Tous les albums d’Anouar Brahem sont des sortes d’albums de voyage en musique, depuis son premier album, “Barzakh”- et “The astounding eyes of Rita” est son 11° album. “Barzakh”, sorti en 1991 – déjà chez ECM, le très sélectif label allemand de jazz créé par Manfred Eicher – nous promenait entre Raf Raf, Kerkennah, et le Belvédère, tous lieux situés en Tunisie certes, mais voyage néanmoins. “Astrakan café” était une balade entre Grozny et Dar es Salam en passant par Ashkabad; “Le pas du chat noir” puisait son inspiration dans Paris, ses cafés et ses manèges de rue; tandis que “Le voyage de Sahar” nous emmenait de Halfaouine à Cordoue en visitant toute l’Andalousie.
Pour ce dernier album, Anouar Brahem nous emmène entre le Liban, la Palestine et Djibouti – contrées, comme celles de ses précédents albums, réellement visitées autant que totalement imaginées. Et ce retour au Moyen-Orient, berceau du ‘oud, est l’occasion d’un retour aux sources pour l’artiste tunisien, avec une ambiance beaucoup moins jazz et plus orientale – entouré cette fois-ci de Klaus Kessing à la clarinette basse, de Björn Meyer à la guitare basse et de Khaled Yassine aux percussions (derbouka et bendir).
Le rythme qui domine ici est celui de la marche caravanière, longue marche interminable rythmée par le pas lourd de la basse, et animée par la mélodie dansante d’une clarinette qui ondule comme un vent léger sur une steppe désertique. Et c’est aux Routes de la Soie que l’on songe, en écoutant cet album – Asie centrale et esprit du nomadisme chers au coeur et à la sensibilité de l’artiste, au fil de tous ses albums.

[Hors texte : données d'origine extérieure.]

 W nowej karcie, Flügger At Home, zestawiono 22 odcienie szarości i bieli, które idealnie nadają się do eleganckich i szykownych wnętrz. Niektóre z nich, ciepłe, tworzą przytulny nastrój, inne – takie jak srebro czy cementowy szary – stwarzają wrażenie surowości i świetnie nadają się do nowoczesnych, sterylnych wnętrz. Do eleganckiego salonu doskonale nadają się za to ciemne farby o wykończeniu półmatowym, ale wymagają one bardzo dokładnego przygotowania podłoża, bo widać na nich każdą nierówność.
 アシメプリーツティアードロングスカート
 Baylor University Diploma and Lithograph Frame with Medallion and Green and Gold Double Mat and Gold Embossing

Le titre de ce dernier opus emprunte à un poème de Mahmoud Darwich (1941-2008), “Rita et le fusil”, dont le livret nous offre la traduction en anglais, et qui commence ainsi:
“Entre Rita et mes yeux
Il y a un fusil
Et qui connaît Rita
S’agenouille et joue de la musique
Pour la divinité qui est dans ces yeux couleur de miel …”

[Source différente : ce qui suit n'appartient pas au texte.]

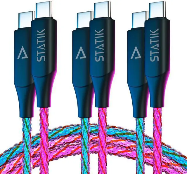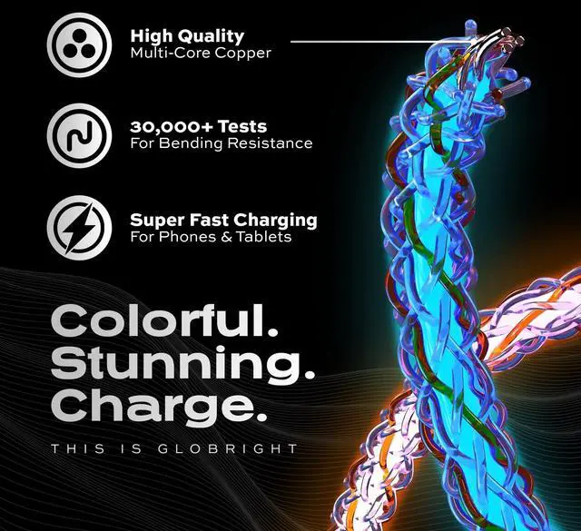 ^^: With its unique Multicolor LED lighting, the Statik Globright Braided light up USB C charging cable provides a vibrant and glowing charging experience. The light up phone charger cord glows when it is plugged in, providing a stylish and eye-catching addition to your workspace or bedroom.

Anouar Brahem sort environ un album tous les deux ans: sans se presser, en mûrissant à chaque fois son projet, il nous offre à chaque fois un disque qui nous enchante, nous émerveille, et nous emmène dans son univers, pays imaginaire où rêve et réalité, joie et tristesse, solitude et dialogue, se confondent. Anouar Brahem est le descendant de ces musiciens-voyageurs d’autrefois, un “‘achik”, musicien libre et plein d’amour, dont la musique est liberté pure donc, qui aime à parcourir le monde et à le chanter, et dont l’unique port d’attache est son instrument, et sa musique.